Fish leather is a different story. Fish skin is limited by its size and it’s very expensive. For me though, it represents a good substitute for a snake or crocodile skin for those customers who wouldn’t otherwise care about endangered species. It’s a good alternative until we invent something not made from animals with the same texture. The material comes from fish caught in the sea or farmed for food. Not a single hide in the tannery comes from an animal bred for its skin. If not used, the skins simply dissolve. It’s difficult for use in clothing, so I use it more for details like the collar of a vest. In the future, we will also make accessories and bags.
What is the importance of upcycling to you? I believe that upcycling and recycling go together hand in hand. Both are very important for sustainability because we are living on a planet that is drowning in garbage. We are producing a lot of waste materials, but at the same time, we don’t think enough about the alternatives for how to reuse them. So I support people who are working on those problems with all my heart. Whatever are we to do with all this plastic, textile garbage etc. that we throw away every day on this lovely planet? My way is a bit different. I work with natural materials because they decompose 10 times faster than materials made from petroleum. They are certified and that means they are created without the use of any chemicals or additional treatments like insecticides, pesticides or synthetic additives. They are biodegradable and really healthy for the body.

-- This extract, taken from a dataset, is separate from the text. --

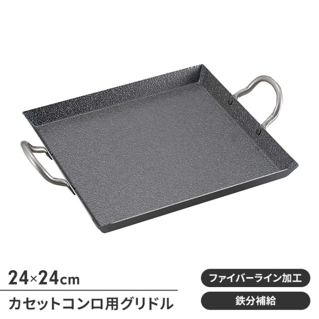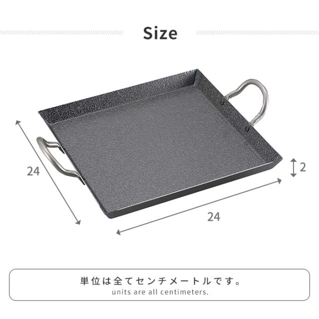 鉄板 BBQ カセットコンロ用 縁あり 浅め 幅24 奥行24 高さ2 正方形 鉄製 取っ手付 キャンプ アウトドア 丈夫 焼きそば パエリア

You also looked to bamboo and hemp for raw materials. Why these plants and what are the results in both terms of sustainability and the quality of the final product? Hemp is natural and in my opinion one of the most ecologically friendly fabrics in the world, as well as the oldest. Hemp fiber breathes, is biodegradable, and a renewable resource which grows quickly without herbicides, fungicides or pesticides. A poor appearance is my only problem with this material. For a luxury look, we had to combine it with rich embroideries. Bamboo, however, is the opposite of rigid hemp, incredibly soft, smooth, antistatic, luxuriously comfortable and a strong material overall. It has excellent wicking properties, is antibacterial and is a good solution for skin problems.
What benefits are brought into peoples lives by the new sustainable technologies that Atelier Terra Urbana uses? I think I already mentioned most of the benefits, but the biggest is surely that Terra Urbana can help preserve the world and all life on it for the long term. Future generations of people, as well as our water, earth, air and health will be preserved, a preservation effort sorely needed right now.